> **Recorded information**
[Start of Attachment]

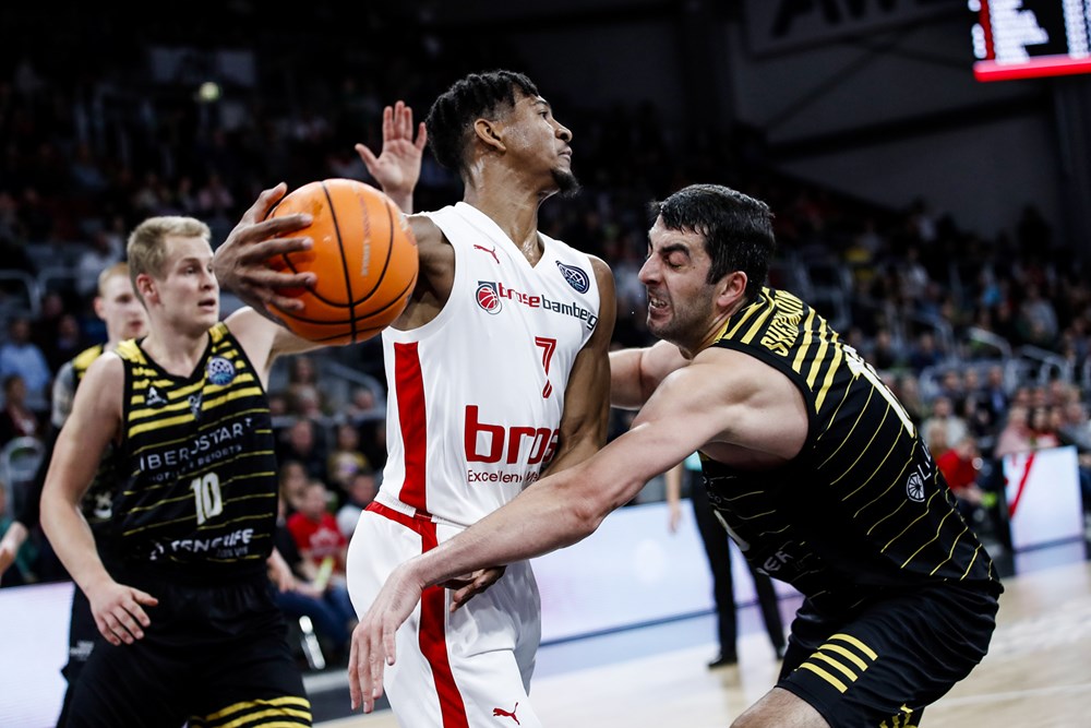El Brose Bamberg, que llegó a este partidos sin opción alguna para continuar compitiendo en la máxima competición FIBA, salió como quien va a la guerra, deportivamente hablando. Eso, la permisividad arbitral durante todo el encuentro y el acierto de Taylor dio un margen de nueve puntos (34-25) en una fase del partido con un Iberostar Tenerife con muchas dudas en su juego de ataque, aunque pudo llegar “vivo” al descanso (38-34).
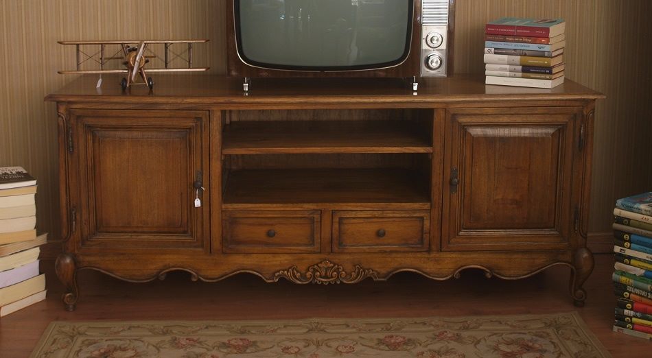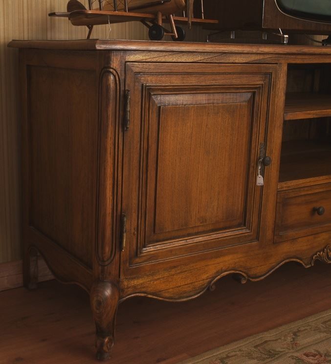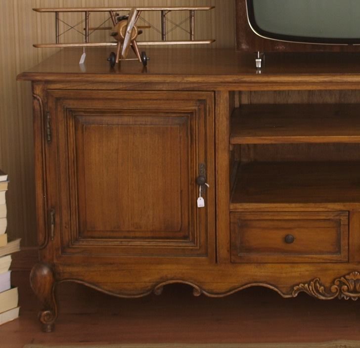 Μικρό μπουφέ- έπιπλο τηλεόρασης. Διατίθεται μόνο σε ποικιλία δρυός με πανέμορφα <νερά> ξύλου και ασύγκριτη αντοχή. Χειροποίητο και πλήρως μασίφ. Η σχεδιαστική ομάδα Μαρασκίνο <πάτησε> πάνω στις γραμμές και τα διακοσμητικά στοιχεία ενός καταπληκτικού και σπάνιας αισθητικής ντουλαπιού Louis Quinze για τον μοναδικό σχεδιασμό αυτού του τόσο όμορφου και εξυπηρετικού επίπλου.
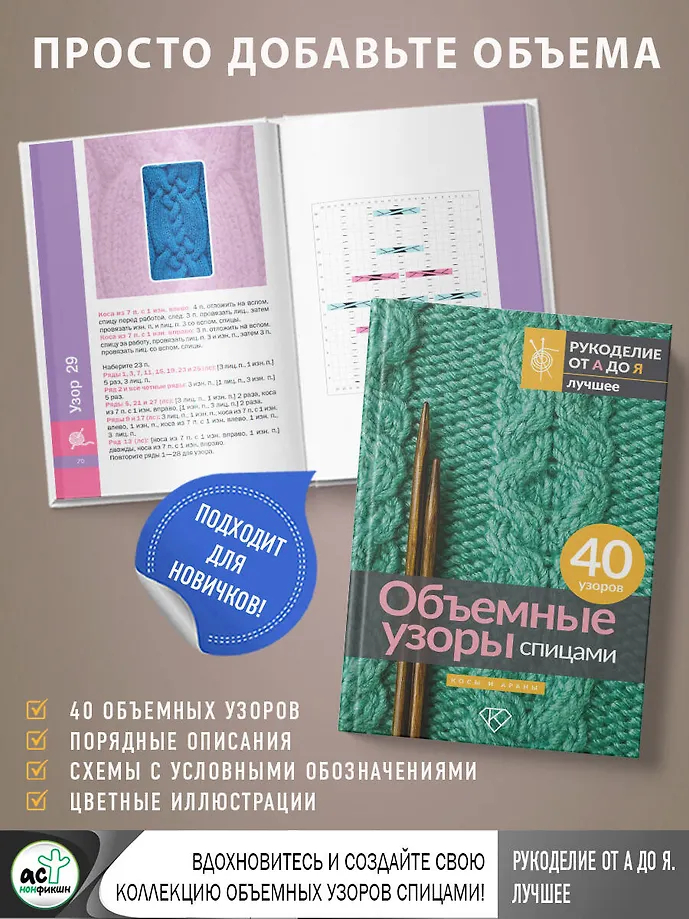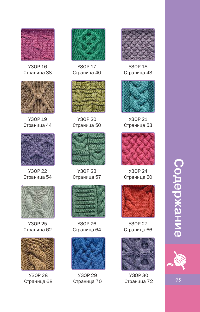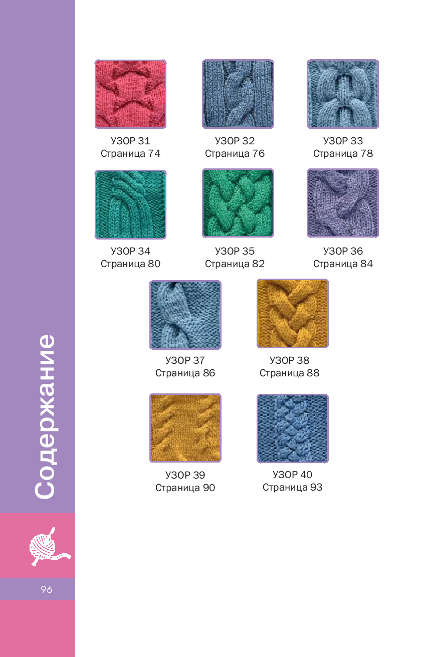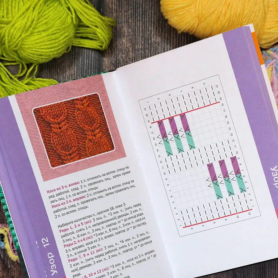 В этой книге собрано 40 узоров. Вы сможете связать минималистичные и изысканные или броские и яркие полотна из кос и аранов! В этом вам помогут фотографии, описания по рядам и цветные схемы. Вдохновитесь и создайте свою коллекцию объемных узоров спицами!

[End of Attachment]

> **What you need to do**
The answer must be the lines above, word for word, from the first one through the line with "Μικρό μπουφέ- έπιπλο", pictures excluded.

> **Completed task**
El Brose Bamberg, que llegó a este partidos sin opción alguna para continuar compitiendo en la máxima competición FIBA, salió como quien va a la guerra, deportivamente hablando. Eso, la permisividad arbitral durante todo el encuentro y el acierto de Taylor dio un margen de nueve puntos (34-25) en una fase del partido con un Iberostar Tenerife con muchas dudas en su juego de ataque, aunque pudo llegar “vivo” al descanso (38-34).
 Μικρό μπουφέ- έπιπλο τηλεόρασης. Διατίθεται μόνο σε ποικιλία δρυός με πανέμορφα <νερά> ξύλου και ασύγκριτη αντοχή. Χειροποίητο και πλήρως μασίφ. Η σχεδιαστική ομάδα Μαρασκίνο <πάτησε> πάνω στις γραμμές και τα διακοσμητικά στοιχεία ενός καταπληκτικού και σπάνιας αισθητικής ντουλαπιού Louis Quinze για τον μοναδικό σχεδιασμό αυτού του τόσο όμορφου και εξυπηρετικού επίπλου.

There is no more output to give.